LITTLE FIELDS, LONG HORIZONS
LITTLE FIELDS LONG FOR HORIZONS
HORIZONS LONG FOR LITTLE FIELDS
Ian Hamilton Finlay, Little Sparta 1998
Happel Cornelisse Verhoeven
The Victorian peep-show consists of a paper viewing box made up of a linked series of cut-out prints that overlap to conjure up an imaginary scene. As the concertina-like box stretches out, a miniature world unfolds before the viewer’s eye, transporting them to a festival, a historical event, a distant land, a theatrical performance, a battlefield, a biblical scene or an international exhibition. As the numerous, vibrant scenes recede into the distance they create a wondrous illusion of depth.
Taking our cue from this intriguing phenomenon, we created a spatial diorama of overlapping windows that coalesce to produce a perspectival spectacle of the temporary chamber of the Dutch Senate – an interior our office recently designed as interim accommodation for the Senate during the comprehensive renovation of the seat of the Dutch parliament (the Binnenhof) between 2020 and 2026.

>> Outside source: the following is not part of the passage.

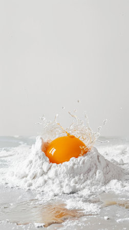A striking image of a fresh egg perched on a mound of flour, splashing dramatically against a dark background, perfect for food-related themes.

The eye in the foremost window directs the gaze along the spatial axis of the chamber with the ministers’, record keepers’ and chairman’s tables in the middle. These are flanked on either side by the senatorial benches, and on the upper level by the press and public galleries. Together they constitute a democratic arena that gives expression to the Senate’s role as a ‘Chamber of Reflection’.
Above the ministers’ table, where the portrait of King Willem II usually hangs, is a monumental opening, a collective window on the world beyond. This symbolic landscape reflects the four virtues on which the State’s authority rests: the sunflower stands for fidelity, the pomegranate for unity and the olive for peace, while the rose on the record-keeping table in the centre of the chamber represents love.